WHAT TO DO »
Copy each entry below verbatim. Skip the pictures.

*-*-*

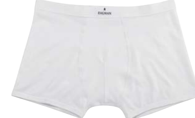
COL.06 95% Pima Baumwolle 5% Elastshan
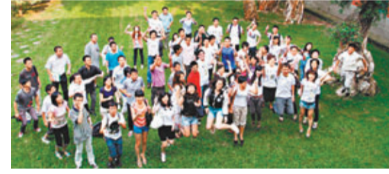
2011年準備入讀台灣大學的陸生合影。網上圖片

關注「跨海戀」議題的台灣佛光大學社會系教授陳憶芬分析，主要是目前台灣當局針對大陸學生的規定中，要求「學成返陸」，即陸籍學生完成學業後，必須回到大陸，不能留台工作。這使不少正在熱戀中的「跨海情侶」最終要海峽兩岸各一方。
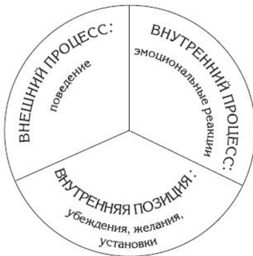
Рис. 1. Символическое изображение психологических структур, определяющих жизнедеятельность человека

И вот здесь разрешите вас порадовать: при рождении каждый из нас получает в свое распоряжение «мерседес». И это не яркая метафора для повышения вашей самооценки. Не ищите здесь иронии или желания сделать вам дежурный комплимент: взгляните на рис. 1, и суть этой фразы станет вам понятной.
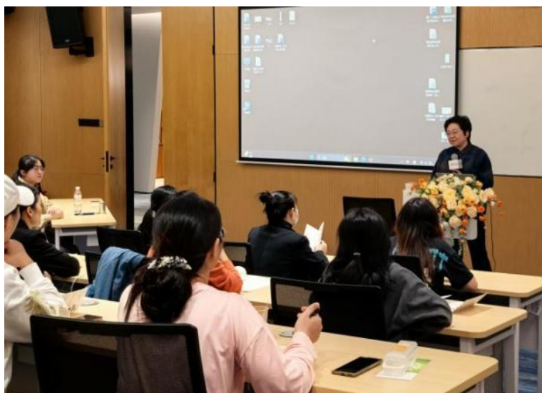
追光人训练营线下培训现场

在全民阅读立法与家庭教育促进法深入实施的双重背景下，儿童阅读推广正呼唤兼具专业素养与时代传播力的新生力量。为此，爱阅公益于本季度创新发起了“追光人创造营”阅读推广人成长行动，旨在探索并培育一批善用新媒体、深耕社区实践的阅读推广“追光人”。该活动成功集结了超过 1000 名来自全国各地的阅读推广志愿者及热心家长。他们在小红书平台以 #追光人创造营 为阵地，发布了 300 余篇生动实用的亲子阅读笔记，并自发组织落地了超过 100 场社区及线下阅读活动，相关话题累计收获 6.8 万次用户浏览与 1.2 万次深度互动。
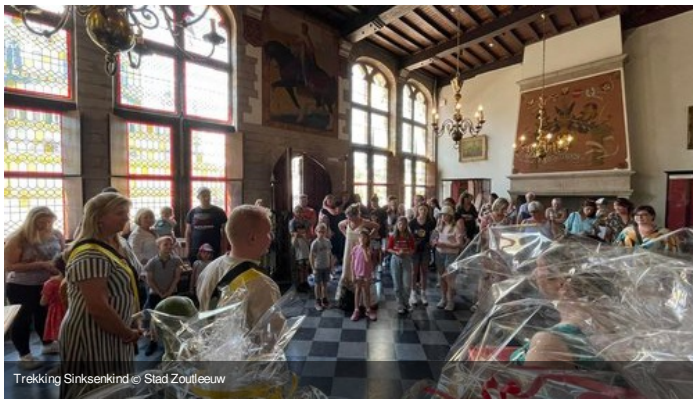
Trekking Sinksenkind

*-*-*

ANSWER SPACE »
COL.06 95% Pima Baumwolle 5% Elastshan
2011年準備入讀台灣大學的陸生合影。網上圖片

關注「跨海戀」議題的台灣佛光大學社會系教授陳憶芬分析，主要是目前台灣當局針對大陸學生的規定中，要求「學成返陸」，即陸籍學生完成學業後，必須回到大陸，不能留台工作。這使不少正在熱戀中的「跨海情侶」最終要海峽兩岸各一方。
Рис. 1. Символическое изображение психологических структур, определяющих жизнедеятельность человека

И вот здесь разрешите вас порадовать: при рождении каждый из нас получает в свое распоряжение «мерседес». И это не яркая метафора для повышения вашей самооценки. Не ищите здесь иронии или желания сделать вам дежурный комплимент: взгляните на рис. 1, и суть этой фразы станет вам понятной.
追光人训练营线下培训现场

在全民阅读立法与家庭教育促进法深入实施的双重背景下，儿童阅读推广正呼唤兼具专业素养与时代传播力的新生力量。为此，爱阅公益于本季度创新发起了“追光人创造营”阅读推广人成长行动，旨在探索并培育一批善用新媒体、深耕社区实践的阅读推广“追光人”。该活动成功集结了超过 1000 名来自全国各地的阅读推广志愿者及热心家长。他们在小红书平台以 #追光人创造营 为阵地，发布了 300 余篇生动实用的亲子阅读笔记，并自发组织落地了超过 100 场社区及线下阅读活动，相关话题累计收获 6.8 万次用户浏览与 1.2 万次深度互动。
Trekking Sinksenkind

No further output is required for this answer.